Ma forse il testo di maggiore pregnanza della raccolta di Scritti
servili è quello dedicato a Roberto Longhi e al suo giovanile
studio Breve ma veridica storia della pittura italiana del
1914, sulla contrapposizione tra “figurativo” e “ambiente”.
Si direbbe anzi che il messaggio dell’opera d’arte cominci ad acquistare
valore, per Longhi, solo nel momento in cui comincia a decrescere verso lo zero
il suo indice di appartenenza all’umano.
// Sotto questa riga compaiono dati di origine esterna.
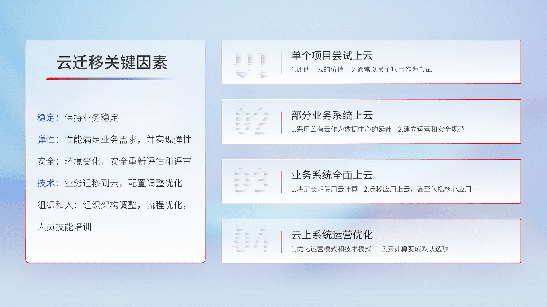 结合实际业务,,从规划设计、、云平台选型、、、云原生改造、、数据迁移、、、、集成交付,,,迁移全过程为客户识别最佳上云路径,,做好风险识别管理,,设计网络架构、、身份权限、、安全审计合规、、、、操作审计、、、日志审计、、、监控告警策略、、、多站点容灾设计等,,,,对云上基础设施进行整体规划,,提升IT治理水平,,以满足弹性、、高可用、、高性能的需求。。

In questo senso, che è un senso
centrale in tutta l’opera di Longhi, la volontà didattica di spezzare il
circuito tra arte e vita è perseguita con l’insistenza di un tema euforico,
insieme derisorio e ossessivo. I caratteri in cui è scritta l’arte figurativa
sono linee, masse, volumi, spazi, forme, colori; ma l’esperienza di questo
alfabeto è un’esperienza intellettuale e primordiale, spirituale e panica,
oltre la quale c’è il nulla.
Poco più avanti: “L’uomo con le sue passioni, la sua interiorità, i suoi
atteggiamenti verso la realtà, la sua «storia», è escluso da questo regno”.
Ebbene, gli “scritti servili” assolvono questo compito di restituirci il mondo
interiore del personaggio-scrittore come “storie di seduzione” (nella
premessa Al lettore, p. 25), e più si fa penosa la disanima dei
fantasmi mentali testimoniati dai testi letterari, più ci si allontana dalla
realtà sociale, politica, culturale. Prendendo spunto dalla figura di
Sganarello-Leporello, il critico-scrittore Garboli dice di riconoscersi solo
nell’umile servitore che si mette in ascolto di quanti hanno avuto cose da
raccontare e la capacità di scriverne, consapevole che “la servitù è la sola
cosa al mondo di cui siamo certi”. Alla domanda se c’è vita oltre la
letteratura, si può rispondere solo in modo mesto e impacciato. È rinviato al
domani ogni altro interrogativo generale.